Evidence Code section 664 states, “It is presumed that official duty has been regularly performed.” Under this statute, at an administrative hearing, the forensic laboratory or technician collecting evidence for testing is presumed to have complied with the governing regulations.

Phillips argued that because the testimony established violations of Vehicle Code section 23158, subdivisions (e) and (g), she rebutted the Evidence Code section 664 presumption that Ramos’ blood collection complied with title 17, and thus for her blood test results to be admissible, the DMV had to submit evidence that (1) the blood collection equipment was properly functioning, (2) the blood was properly collected, and (3) Ramos was competent and qualified. She argued that the DMV failed to do this and concludes that the test result was inadmissible and the remaining evidence does not show she was driving with a BAC above 0.08 percent.

Phillips argued that her proof of those violations rebutted the presumption that her blood sample was collected in accordance with title 17. This shifted the burden back to the DMV to provide evidence of the foundational elements of (1) proper equipment, (2) proper collection procedures, and (3) a competent and qualified collector.

Here there was substantial evidence that Ramos was qualified and competent to draw Phillips’ blood, notwithstanding her lack of title 17-compliant supervision, and did so using the proper equipment and following the prescribed procedures.

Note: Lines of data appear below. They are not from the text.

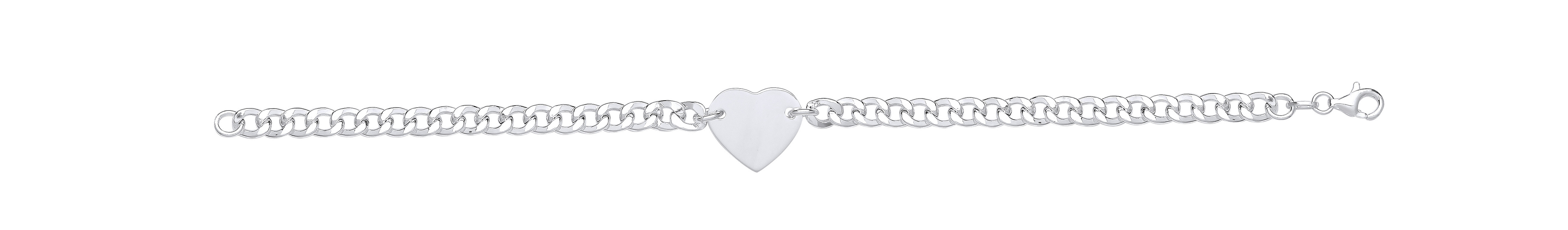 Silver Cuban Curb Link Bracelet With Heart Tag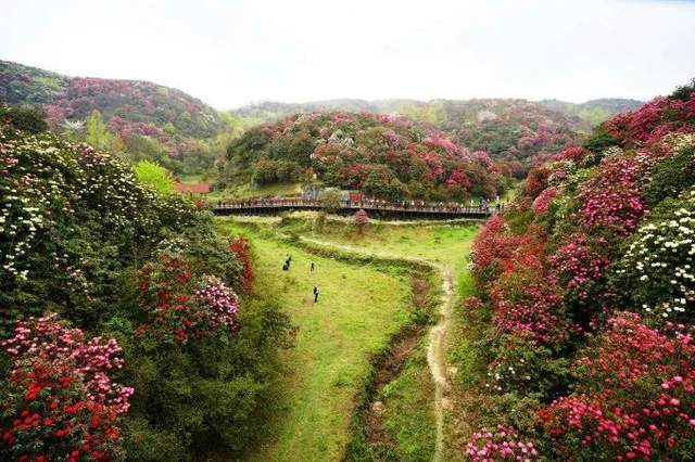 4月杜鹃花全面盛开声势浩大,美轮美奂呢,每当春回大地,百花盛开时,这片原始杜鹃林便以花的绰约、山的恢弘、海的气势,美得让你挪不开脚步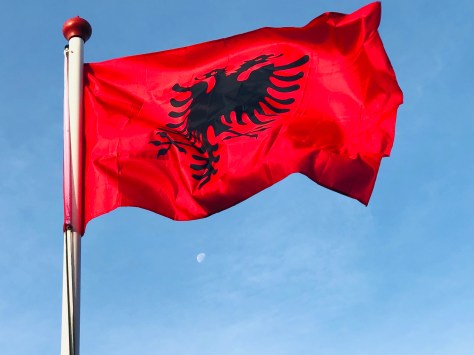 Shqipëria noemen de Albanezen hun land, “Land van de adelaars”, en dat is ook gelijk het symbool van het land, in dit geval een tweekoppige adelaar. Op de egaal rode vlag is deze vogel afgebeeld.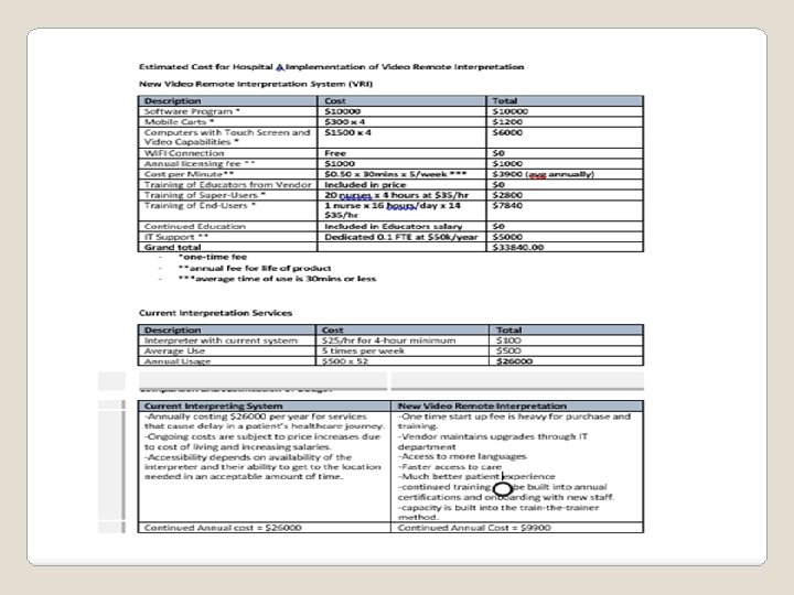 Little research available on cost to healthcare system when interpretation services not adequately provided (Access Alliance, 2009). However, quality of care for patient and increased patient satisfaction scores are priceless. Cost Benefit Analysis

Phillips focused solely on rebutting the presumption of compliance with title 17 and offered no evidence or impeachment to suggest that Ramos’ collection of Phillips’ blood was unreliable in any way. The record therefore demonstrates as a matter of law that the collection and testing of Phillips’ blood was reliable, and the trial court was correct to deny Phillips’ petition seeking to direct the DMV to rescind and set aside the order suspending her driver’s license.